A strange bacterium that is resistant to extremely high doses of radiation has evolved the most powerful gene repair system known in any life form. Scientists are studying the bug to get insights into whether it could be used to repair genetic damage in humans AND clean up radioactive dumps. The bug withstands radiation of up to 3 million rad, at which time it's chromosomes finally shatter into hundreds of fragments. Exposure to only 100 rad is lethal to humans. In 12 to 24 hours it splices it's DNA back together in perfect order.
'Thought phone' could move limbs
New discoveries about how the brain is organized could help paralyzed people move an arm or a leg just by thinking about it, said Richard Andersen of the California Institute of Technology. An electrode implanted in the brain could send a signal to another electrode in the paralyzed muscle. "It would be kind of like a cellular phone," Andersen said Monday. The idea of using electrodes is not new. What is new, Andersen said, is knowing where in the brain they should go to have the best effect. He has been working with monkeys, using magnetic resonance imaging (MRI) to see how their brains work.

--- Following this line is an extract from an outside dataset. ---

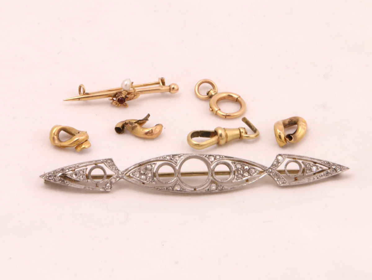 - BROCHE en or blanc anciennement sertie de diamants.
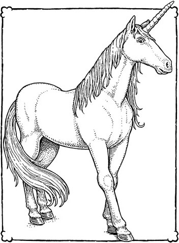 Когда единороги рождаются, они имеют окрас цвета чистого золота, на втором году жизни становятся серебряными, а белыми – на четвертом. Предпочитают лесистую местность с мягким дерном. Если их не беспокоить, могут прожить более трехсот лет. Единороги благополучно живут, питаясь простой травой и кустарниками, но предпочитают лимонник, тимьян и особенно мяту. Их дыхание наделяет человека мужеством. Пучок волоса из хвоста или гривы единорога излечивает смертельно опасные раны. Также утверждают, что единороги появляются на полях сражений, чтобы вдохнуть жизнь в павших. На протяжении истории были случаи, когда люди ездили верхом на единорогах, но подобное случалось крайне редко. Большинство тех, кто попробовал оседлать единорога, обнаруживали себя довольно вежливо и бережно втоптанными в землю.

New Zealand scientists said they were synthesizing a protein produced by mussels in the hope it will lead to the closing of human wounds without stitches. The protein forms the strong natural glue that sticks the shellfish to rocks. A chemistry team from Auckland University is investigating the protein, secreted by a gland in the mussel's foot, which gives it sticking power.
Researchers said Wednesday they had found a way to use bugs to make new drugs. The researchers at Cornell University said they could genetically engineer insects and harvest proteins from them for use in medicines. "In effect we are turning insects into little protein factories," said virologist Alan Wood. "These are valuable proteins and they can't be produced in any other way," he added. Wood said his team started out examining ways to use viruses to fight agricultural pests. But then they found moths and caterpillars being killed by the viruses were producing beneficial proteins.